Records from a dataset

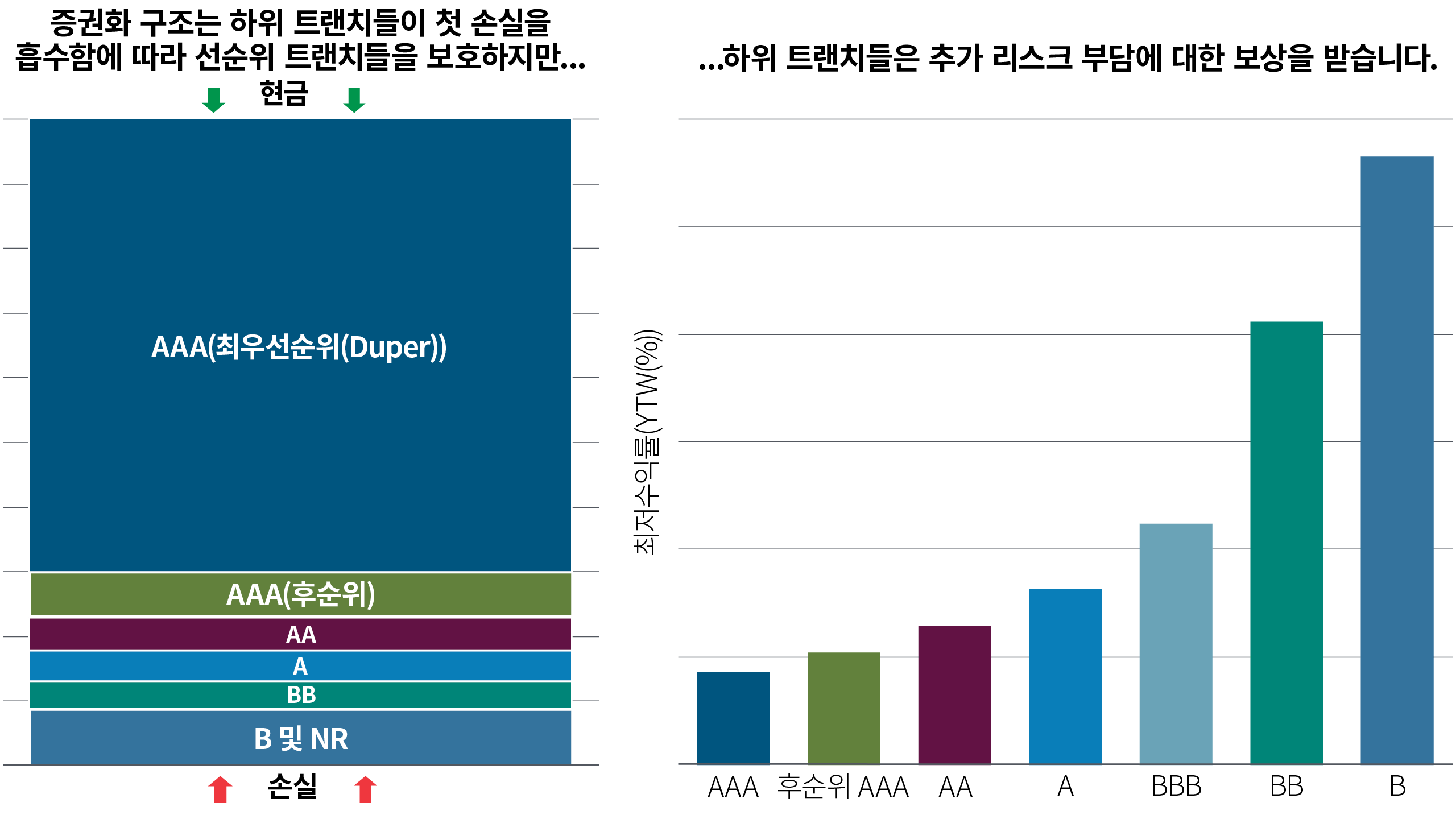 아래 좌측 차트에서 볼 수 있듯이, 이 증권화 구조는 선순위 트랜치(신용등급 AAA, AAA(Jr.), AA, A, BBB)를 손실로부터 보호하도록 설계되었습니다. 하지만 후순위 트랜치(신용등급 BB 및 B)는 아래 우측 차트에서 볼 수 있듯이 추가 리스크를 감수하는 대가로 보상을 받습니다.
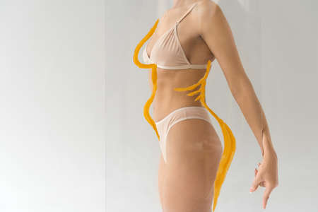 Close up conceptual tummy tuck surgical contour lines on female torso. Body part of woman standing on beach against out of focus ocean background.
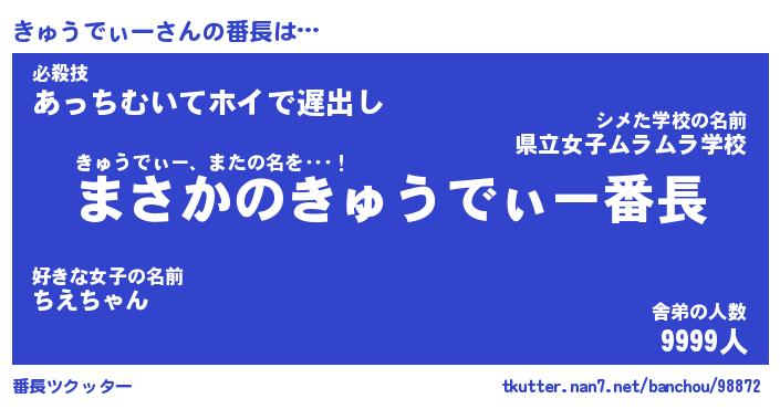| 伝説のあだ名 | 『伝説の竜騎士きゅうでぃー』 |
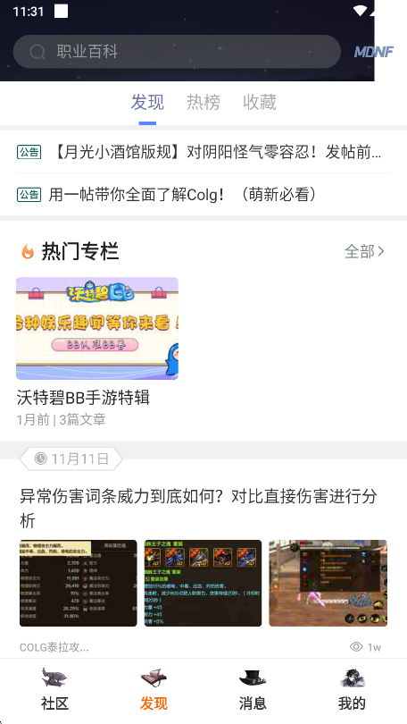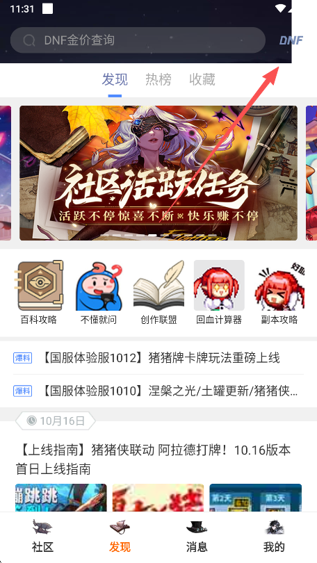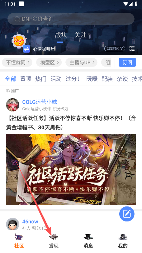1. 进入本站的colg地下城与勇士论坛,然后点击发现板块。
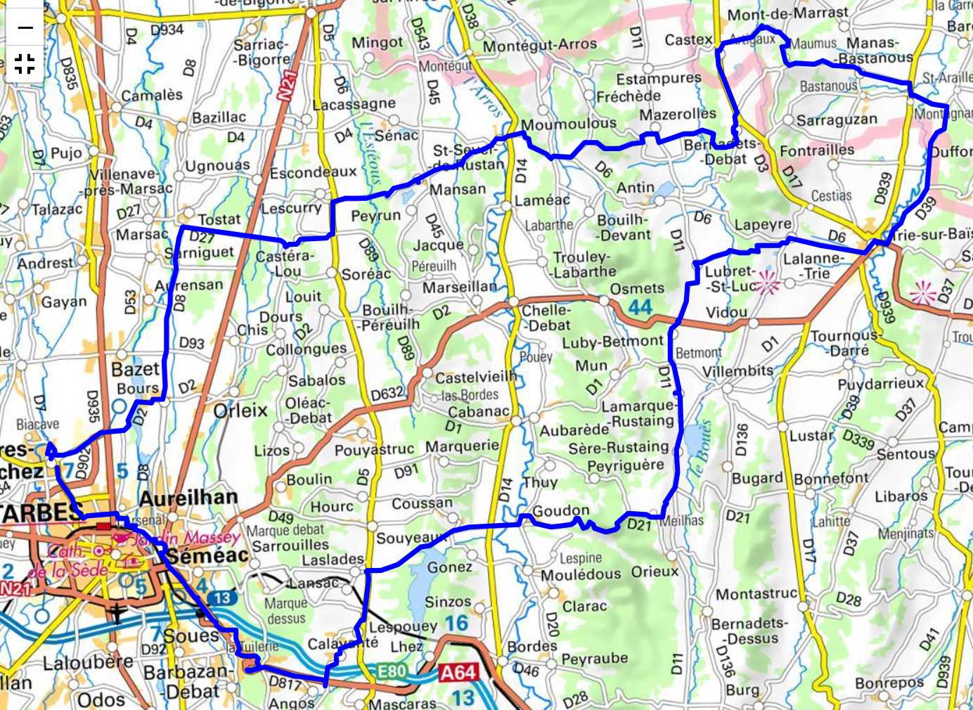 | Bordères, Bours, D8, Tostat, D27, D119, Castéra-Lou, D27, Mansan, 27, St Sever de Rustan, Mazerolles, Bernadets-Debat, Castex, D567, Manas-Bastanous, Trie sur Baïse, Lapeyre, D611, Lubret-St-Luc, Luby-Betmont, Lamarque-Rustaing, Sère-Rustaing, Goudon, D21, Lespouey, Calavanté, Séméac,Bordères |
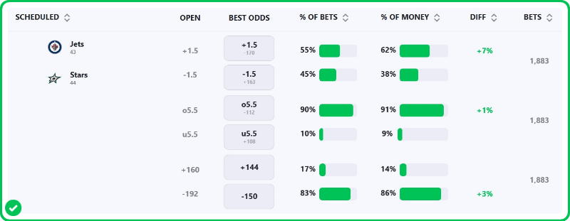 The Stars are favored by -1.5 on the puck line, with the over/under set at 5.5 (-115o / -105u). The Stars are a -160 favorite to win outright, while the Jets are +135 to pull off the upset.
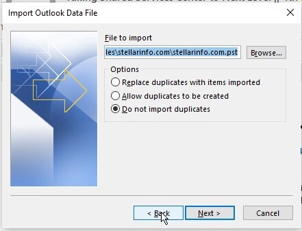 3. Browse and select the converted PST file and click ‘Next.’

→ WORK ITEM:
Repeat exactly and only the lines from the start of the data above through the line that holds "Close up conceptual", inclusive. Pictures do not belong in the copy.

→ OUTPUT FOR THIS TASK:
 아래 좌측 차트에서 볼 수 있듯이, 이 증권화 구조는 선순위 트랜치(신용등급 AAA, AAA(Jr.), AA, A, BBB)를 손실로부터 보호하도록 설계되었습니다. 하지만 후순위 트랜치(신용등급 BB 및 B)는 아래 우측 차트에서 볼 수 있듯이 추가 리스크를 감수하는 대가로 보상을 받습니다.
 Close up conceptual tummy tuck surgical contour lines on female torso. Body part of woman standing on beach against out of focus ocean background.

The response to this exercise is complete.